Picture, if you can, Pierce Brosnan in the late '00s. He's just up and decided to do a Bond movie without any of the facets that'd make up a Bond movie. Then he has it directed by the man who did 'Die Hard', 'Predator' and 'The Hunt For Red October'. That's basically 'The Thomas Crown Affair' in a nutshell. It's an achingly slick, deliciously decadent thriller that sees Brosnan play Steve McQueen's billionaire playboy to a tee. Rene Russo plays a high-flying insurance investigator who's sent to track him down. The two end up... well, you can guess. Throw in Dennis Leary and a fantastic soundtrack with the best use of Nina Simone's 'Sinner Man' in any movie yet made, and you've got a modern classic.

 

'The Expendables 2'

Yes, it's the one with all the '80s action stars in one movie.

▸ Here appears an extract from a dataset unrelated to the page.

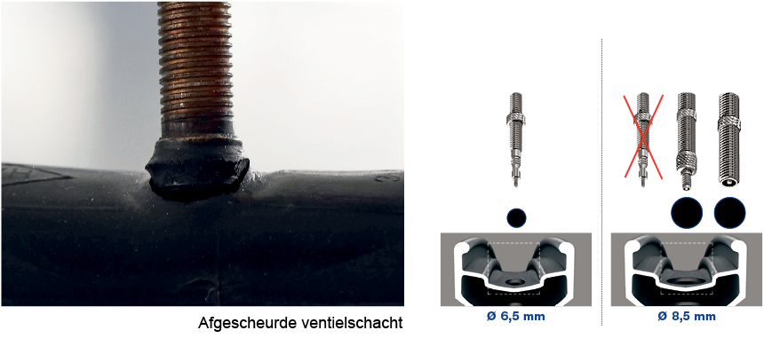 Let op: Als je binnenbanden met een sclaverand ventiel gebruikt in velgen met grotere ventielgaten, kan het ventiel afscheuren, omdat de metalen rand van het ventielgat dan de ventielschacht van de binnenband kan afscheuren.

While 'The Expendables 2' may be reduced to its impressive cast, there's something genuinely enjoyable about how much it just doesn't give a shit. It knows that it's ridiculous, and it has all the tropes and beats you'd expect in any '80s movies. Sylvester Stallone and Jason Statham have excellent banter together while Jean-Claude Van Damme plays a villain called Jean Vilain. COME ON.

 

'The Villainess'

The best way to describe 'The Villainess' is to imagine, if you can, 'John Wick' on speed. Then replace pretty much all the actors in 'John Wick' with South Korean actors. That's about halfway to describing the sheer insanity of it all. There really is nothing we can do to describe it any better than showing you this samurai sword fight on motorbikes. It's... crazy.

 

'Looper'

Rian Johnson of 'The Last Jedi' fame directs this crackling sci-fi action thriller starring Bruce Willis and Joseph Gordon-Levitt as younger and older versions of the same character. Set in the near future where time travel is only used by crime syndicates, Willis goes on the run in his past. He intends to track down the crime lord who murdered his wife and sent him into the past. Smartly bypassing any kind of the mechanics you'd expect from this kind of movie or even the fact that Levitt and Willis don't really look alike, 'Looper' instead focuses on the action and pacing.